> _Activity_
Your answer must be the data repeated exactly, with no pictures in it.

> _Data_
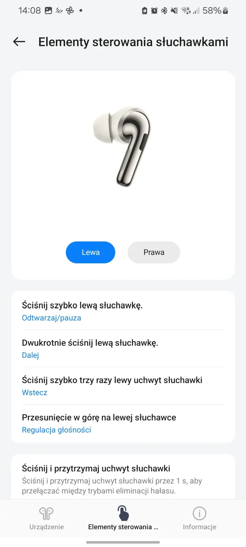 Co ważne, OnePlus Buds Pro 3 posiadają panele dotykowe, które pozwalają na dotykową obsługę słuchawek. Znajdują się one w przedniej części krótkich pałąków, a korzystanie z nich jest komfortowe i intuicyjne, zwłaszcza że pomyślne wykonanie gestu jest potwierdzane sygnałem dźwiękowym. Możemy ścisnąć jedną ze słuchawek by wstrzymać lub wznowić odtwarzanie, ścisnąć podwójnie, by przejść do następnego utworu lub ścisnąć i przytrzymać, by zmienić tryb ANC. Teraz możemy też na dodatek przesuwać po panelu dotykowym palcem w górę lub w dół, by zmieniać głośność odtwarzania.
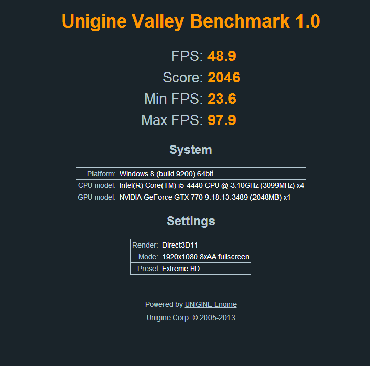 Re: Změřte výkon s ostatními v Unigine Valley 1.0
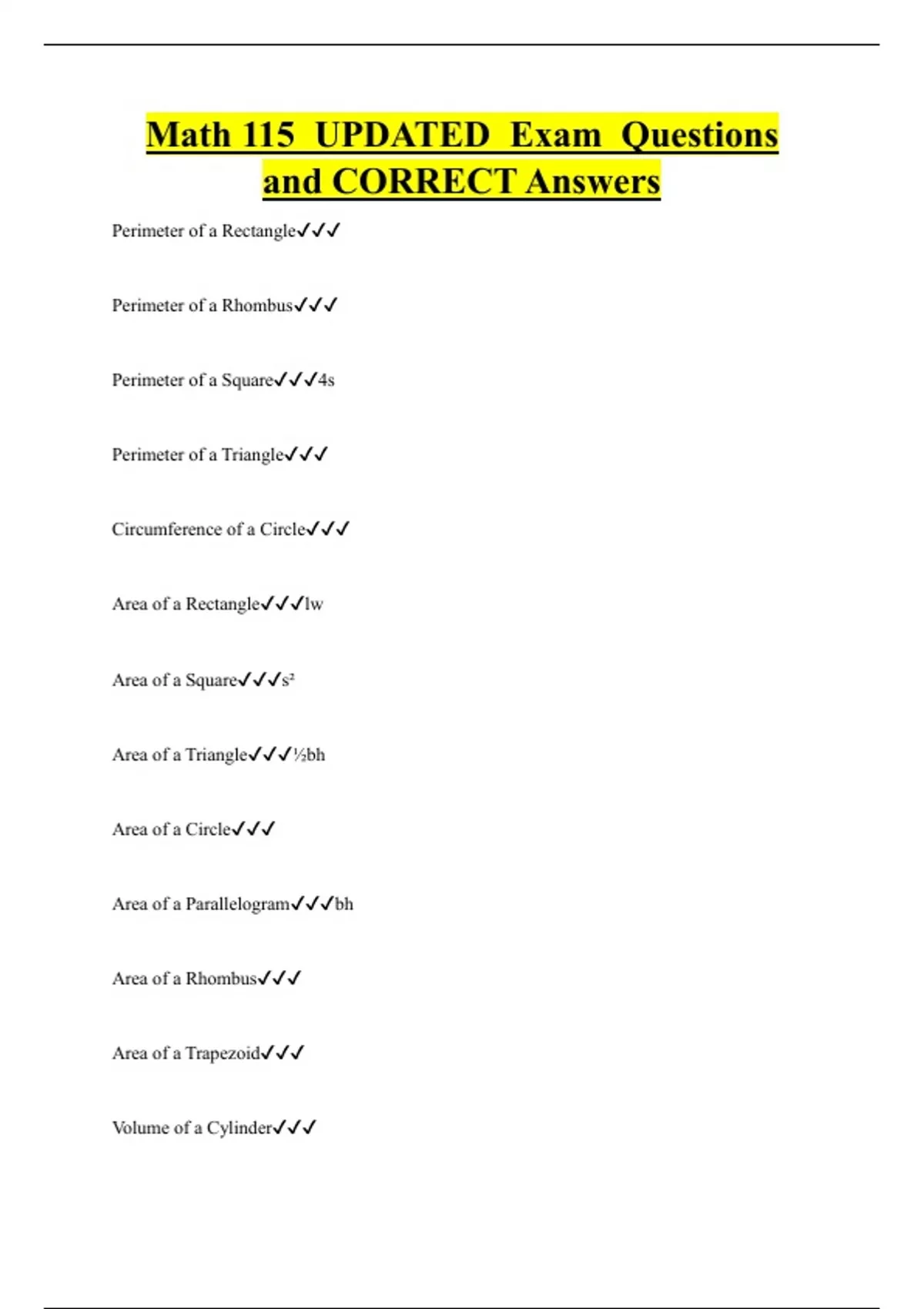 Math 115 UPDATED Exam Questions and CORRECT Answers

> _Result of the exercise_
 Co ważne, OnePlus Buds Pro 3 posiadają panele dotykowe, które pozwalają na dotykową obsługę słuchawek. Znajdują się one w przedniej części krótkich pałąków, a korzystanie z nich jest komfortowe i intuicyjne, zwłaszcza że pomyślne wykonanie gestu jest potwierdzane sygnałem dźwiękowym. Możemy ścisnąć jedną ze słuchawek by wstrzymać lub wznowić odtwarzanie, ścisnąć podwójnie, by przejść do następnego utworu lub ścisnąć i przytrzymać, by zmienić tryb ANC. Teraz możemy też na dodatek przesuwać po panelu dotykowym palcem w górę lub w dół, by zmieniać głośność odtwarzania.
 Re: Změřte výkon s ostatními v Unigine Valley 1.0
 Math 115 UPDATED Exam Questions and CORRECT Answers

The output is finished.